Era una apacible mañana en el pequeño pueblo de Valdevaquerilla. Todo marchaba como siempre, a excepción de un extraño puesto ambulante surgido de la nada. Detrás del mismo había un extraño hombrecillo que vestía una túnica y un turbante dorados. En un letrero, escritas con grandes letras, se leía: Se admiten quejas y ofensas.

Don Mateo, el alcalde, mandó a su único aguacil para advertirle al comerciante que no podía instalar su puesto allí sin pedir previamente permiso y pagar las tasas correspondientes.
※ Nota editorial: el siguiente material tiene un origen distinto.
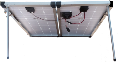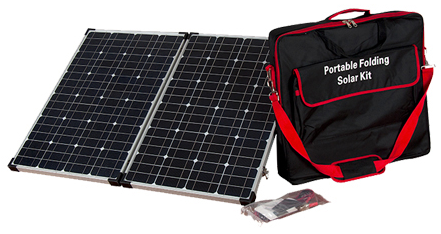 PORTABLE COMPLETE SOLAR KIT COMPLETE WITH 100W MONO-CRYSTALLINE PANEL, BUILT IN MPPT CHARGE CONTROLLER, FOLDABLE LEGS, CABLES AND CONNECTORS, AND CARRYING BAG.
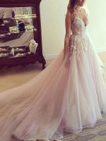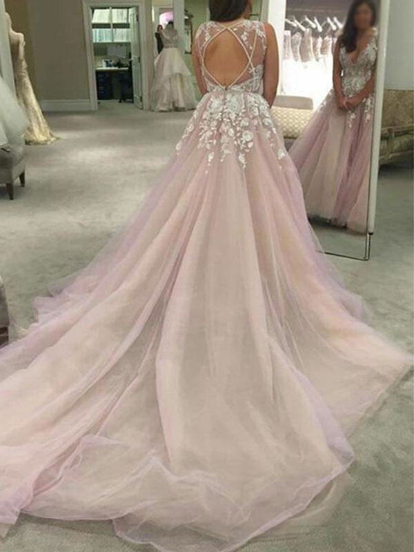 Enchanting Deep V-Neck Sleeveless Lace Flora Tulle Bridal Gown

Isidoro, que así se llamaba el aguacil, lo puso en conocimiento del mismo, tras lo cual, volvió de nuevo al ayuntamiento.

—Bien, cuéntame. ¿Qué vende? —preguntó el alcalde mientras se echaba un caramelo de menta en la boca.

—Pues no sé decirle… Creo que no vende nada. Regala tacos de notas para anotar quejas y ofensas.

—¿En serio? ¡Es lo más absurdo y disparatado que he oído en mi vida! ¿Has puesto en su conocimiento el requerimiento de solicitar una licencia para montar un puesto ambulante, Isidoro? —le preguntó Mateo, mientras lo miraba inquisitivamente a los ojos.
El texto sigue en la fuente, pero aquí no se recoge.